Post-MNZS

jueves, 14 de agosto de 2014

Después de muchas muchas vueltas y viajes, acabé en Manzanares, Ciudad Real, para conocer a mi hermana espiritual.

En ese viaje aprendí, aparte de lo grande que es el cielo en realidad, que puedo volver a ser feliz, si me dejo.

Ha sido volver a mi mundo habitual, después de mucho, mucho tiempo de no estarme quieto, que ha sido cuando he visto lo que me hago a diario.

Me limito y me ato al suelo, me encadeno, cuando ansío ser libre.

Suplo mis decepciones con soledad y depresiones, y copas de vino, y cenas de microondas, y películas a las que apenas presto atención, pensando en mis mierdas.

Todo es cuestión de tiempo, de perderlo o malgastarlo.

Pero, sea como sea, he visto a mi hermana, y durante unos días he sido felicidad en la más perfecta de sus formas. No he tenido un segundo para pensar y darle vueltas innecesarias a la cabeza, simplemente he sido, me he dejado llevar y he sonreído como hacía tiempo que no hacía.

Además he comprobado que la complicidad virtual que tengo con mi hermana se ha convertido en una de las amistades más serias, profundas y auténticas que voy a tener la suerte de encontrar en mi vida.

Tan sólo el hecho de mirarnos y saber qué andamos pensando nos hacía achinar los ojos riendo, silenciosos cómplices de una broma secreta y muda.

Y yo aquí emborrachándome con vino manchego, como si tuviera un hijo en la cárcel, otra vez con los ojos vueltos hacia dentro, mirando a mi vacío y oscuro interior, tratando de encontrar algún interruptor para encender la luz, creyendo o haciéndome creer todavía que soy capaz de hacerlo por mí mismo

Volviendo al viaje, estoy seguro de que Kerouac hubiera disfrutado mucho también, de Ruidera, de MJ, de los viajes en coche y de las conversaciones secretas y las vibraciones del alma.

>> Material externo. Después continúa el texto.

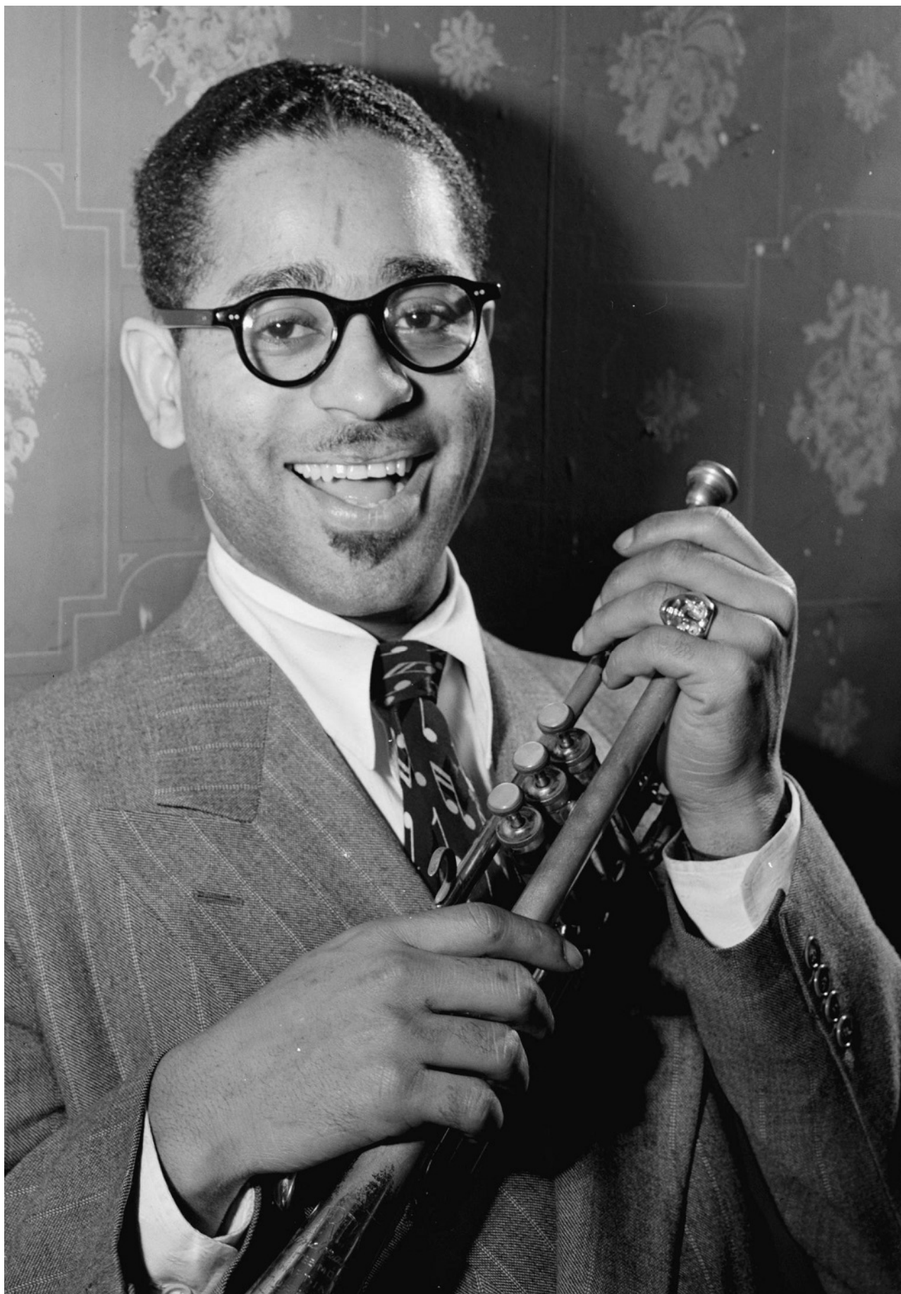
Dizzy Gillespie, Famous Door, New York, juni 1946.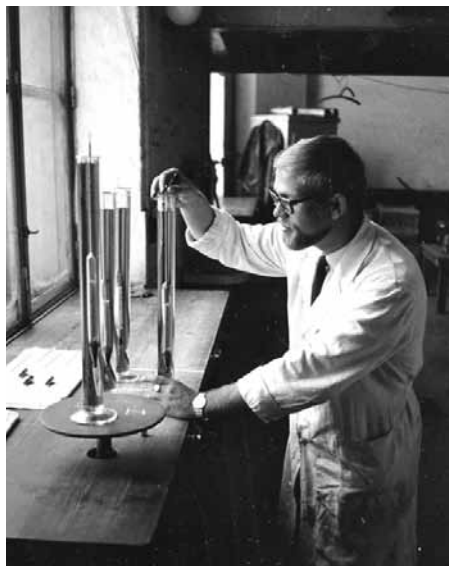
Gradering af spiritus i spiritusvejerboden på Københavns Toldkammer. Foto fra 1960'erne i Told-Skat Museet.

nem spunshullet for at få en prøve op. Det blev så hældt over i høje laboratorieglasser, og man kunne så ved hjælp af et alkoholometer måle mængden af alkohol.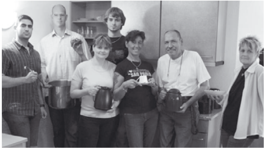
Im Dienst der Menschen | Das Team von der Suppenküche

Dass es arme Länder gibt, dass ihre Armut sich teilweise verschlimmert hat, spricht der Papst aus. Doch ist auch hier der Kontext bemerkenswert. Ganz dem »neoliberalen« Zeitgeist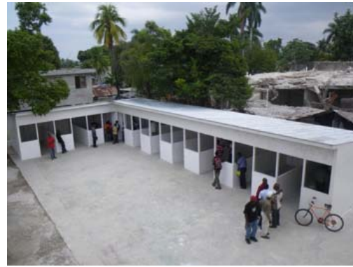
Bâtiment municipal temporaire à Leogane (après la construction et maintenant)

généralement appelés à intervenir vers la fin de la phase de secours d'urgence (puisque'il est quasi impensable de déployer des équipes d'intervention dans des pays étrangers assez tôt pour participer aux opérations de recherches et de sauvetage – une tâche qui revient la plupart du temps aux services d'urgence du pays receveur de l'aide) et dans le cadre de la récupération initiale 1 . Les interventions militaires sont en fait des mesures provisoires permettant aux intervenants des organisations d'aide humanitaire – les organismes internationaux et les ONG – de collecter des fonds et de préparer leurs ressources, ce qui peut prendre une quarantaine de jours. Cette aide provisoire constituait le mandat principal de l'escadron de génie faisant partie du groupe tactique du 3R22R.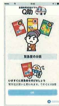
緊急度の分類説明

Explico todo esto de manera desordenada porque es la manera que tienen las palabras de salir de mi cabeza hoy, a trompicones, empujándose unas a otras, pisando unas ideas a las previas y volviendo a aparecer, con prisa, quiero decirlo todo al mismo tiempo, pero que no se me olvide nada, no hay tiempo decia, no hay tiempo digo.

Just a nap, and go back.

lunes, 28 de julio de 2014

No puedes estar todos los días abajo, no dejes estar todos los días arriba.

Para estar bien hay que apreciar estar mal de vez en cuando, volver a nivelar y calibrar la balanza, y toda esa mierda.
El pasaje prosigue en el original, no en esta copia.